The Terror Sitting at the Table

A conversation about the Holocaust and Israel spurs different views during a poker game.

Michael Jacobs

Atlanta Jewish Times Editor Michael Jacobs is on his second stint leading the AJT's editorial operations. He previously served as managing editor from 2005 to 2008.

AJT Editor Michael Jacobs
AJT Editor Michael Jacobs

I came home from a poker game with a realization about myself that has nothing to do with my ability to bluff or compute odds: I’ve been a Holocaust-denial denier.

Despite the overwhelming evidence, I’ve never accepted that anyone in the Western world disbelieves in the Holocaust. Sure, there are people who make a living out of denying the Holocaust, such as Deborah Lipstadt’s British court opponent, David Irving, and there are people who peddle doubts and double-talk for political reasons, such as David Duke.

But deep down, I thought they were con men, not true believers. It’s an idea I probably picked up from the Stephen Cannell TV show “Wiseguy,” which had a story arc starring future Sen. Fred Thompson as a charismatic leader whose white supremacism was a huge, lucrative scam.

I don’t think I even believed that most of the poor, uneducated folks who respond to the hate-filled messages of neo-Nazis or turn out for Klan rallies really thought the Holocaust was a hoax.

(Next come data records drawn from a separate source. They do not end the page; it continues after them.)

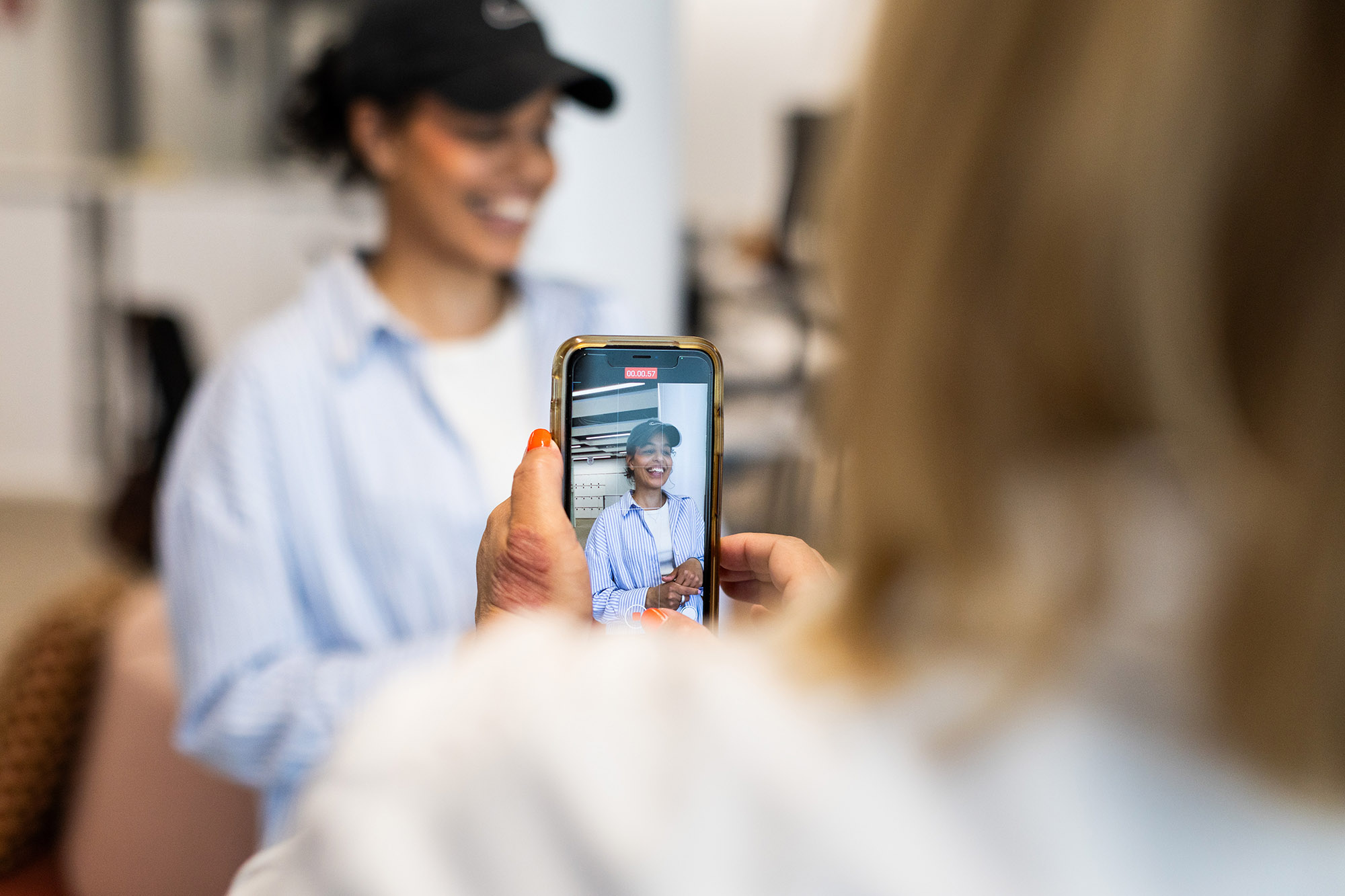 Jussilan kollega Rebekka Bwanga-Koba on asiakasneuvoja ja sometiimin jäsen Verohallinnossa. Kuvassa tehdään testiversiota Verokampukseen liittyvistä some-sisällöistä. Verokampus on nuorille tarkoitettu sivusto, jossa voi tutustua verotukseen, jos menee vaikkapa ensimmäisiä kertoja kesätöihin.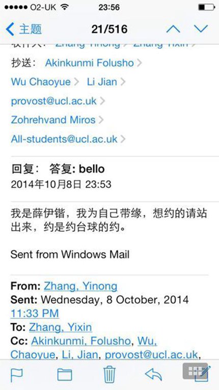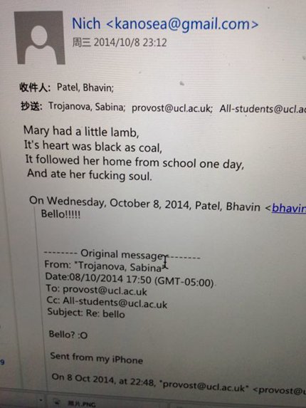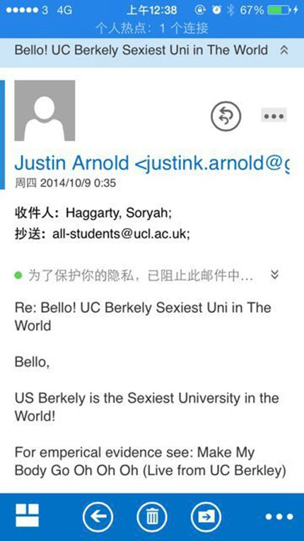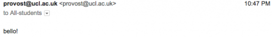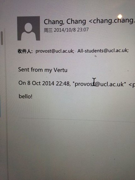 话说…. 昨天晚上我大UCL的邮件系统里上演了一场轰轰烈烈的万人大聊天的盛况。。 事情是这样的。。。 昨天晚上,UCL校长的邮箱被黑了。。。 有人用他的邮箱给所有学生发了一封邮件,邮件的内容只有一个词: Bello!!!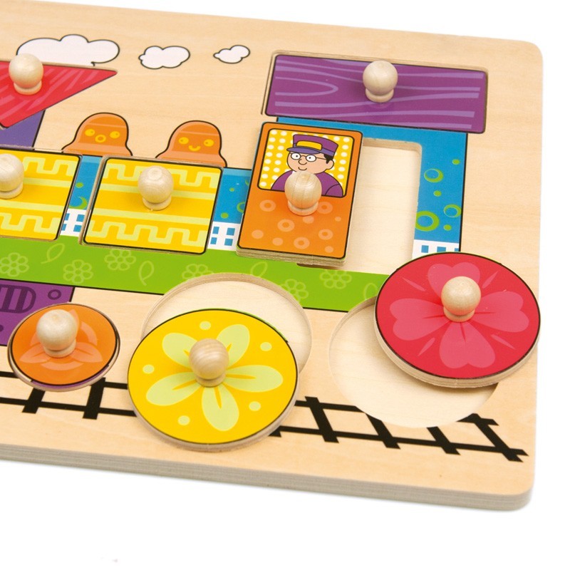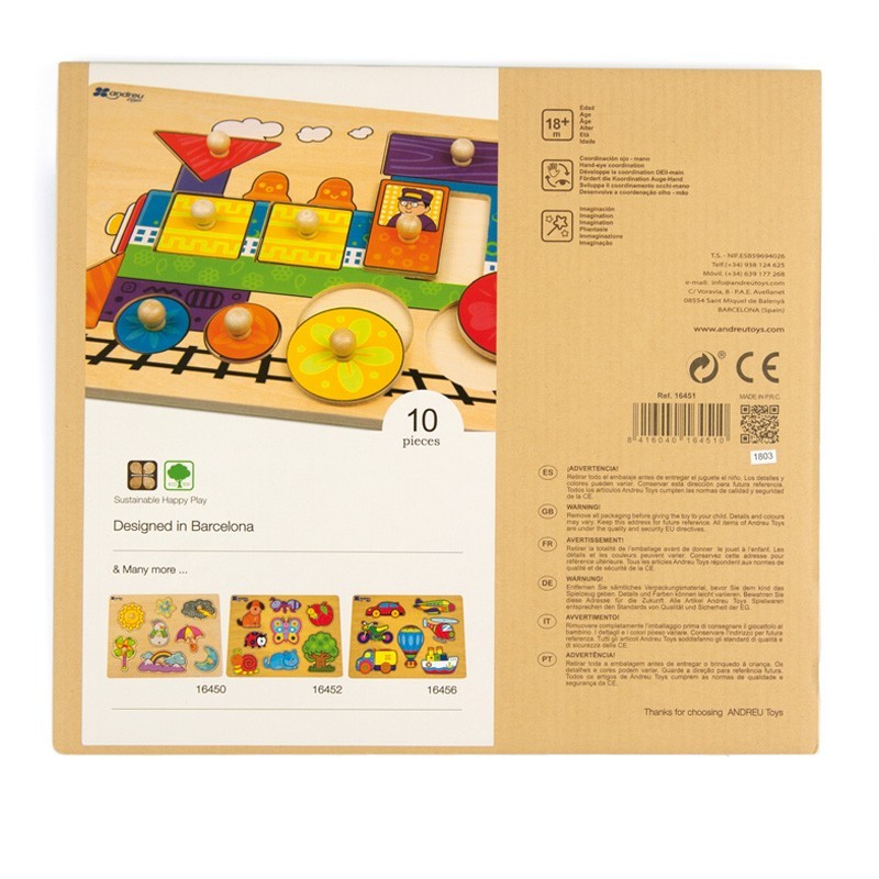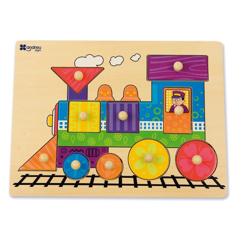Encaje con 10 piezas de formas geométricas para trabajar los conceptos de triángulos> rectángulos> cuadrados> circunferencias> tamaños y colores. Pivotes de madera.SERIE ENCAJES: Ref. 16450 – 16457

Holocaust denial was just a way to lash out at the people they believed were pulling all the strings of power and hoarding all the world’s wealth (I don’t deny anti-Semitism is real).

I couldn’t wrap my head around the idea that anyone with education and access to the evidence could believe that the Holocaust was some elaborate trick foisted upon the world to win support for the establishment of the modern state of Israel or perhaps just to provide some entertainment during the monthly meetings of the Elders of Zion.

Then I went to the weekend poker game where I’m a semiregular. The memories of the state’s annual Days of Remembrance Holocaust commemoration April 28 and the two community Yom HaShoah observances April 23 were fresh in my mind.

Most of the guys I play with are Iranians and highly secular Muslims. They’re smart and fun to hang out with for a few hours one night a week. On the rare occasions when the conversation drifts toward the Middle East, as it did during the negotiations over the Iran nuclear deal in 2015, the talk is calm, curious and respectful before returning to more immediate interests, such as the royal flush our host flopped a few weeks ago.

So it was unusual when another semiregular started talking about Israel and its “70-year occupation of Palestine” as the game was winding down. I don’t remember how we got to the topic or how I responded, but it wasn’t heated because there was no point. He was wrong, but it was his opinion, and nothing I said would change his mind.

Somehow, Israel denial wasn’t enough, and he made the leap to the Holocaust.

The seemingly intelligent, well-off man who had sat next to me the previous couple of hours said the Holocaust never happened.

He wasn’t arguing about the numbers, as some “soft” deniers like to do in an effort to portray the systematic slaughter of the Jews as just another one of those bad things that happen sometimes and not a uniquely horrific expression of evil.

He wasn’t just trying to get a rise out of me. He wasn’t joking. He believes in the fantasy of a global fraud perpetrated and sustained by generations of governments and the Jewish people over the simple, terrible reality staring him in the face.

He thus believes that all the Holocaust survivors I have met, including the dwindling but significant number who still live among us, are some of the worst liars in history.

That’s a monstrous view of the victims of the worst crime against humanity. But it has forced me to accept that Holocaust denial is real, not just a vicious game, and that there are still monsters among us.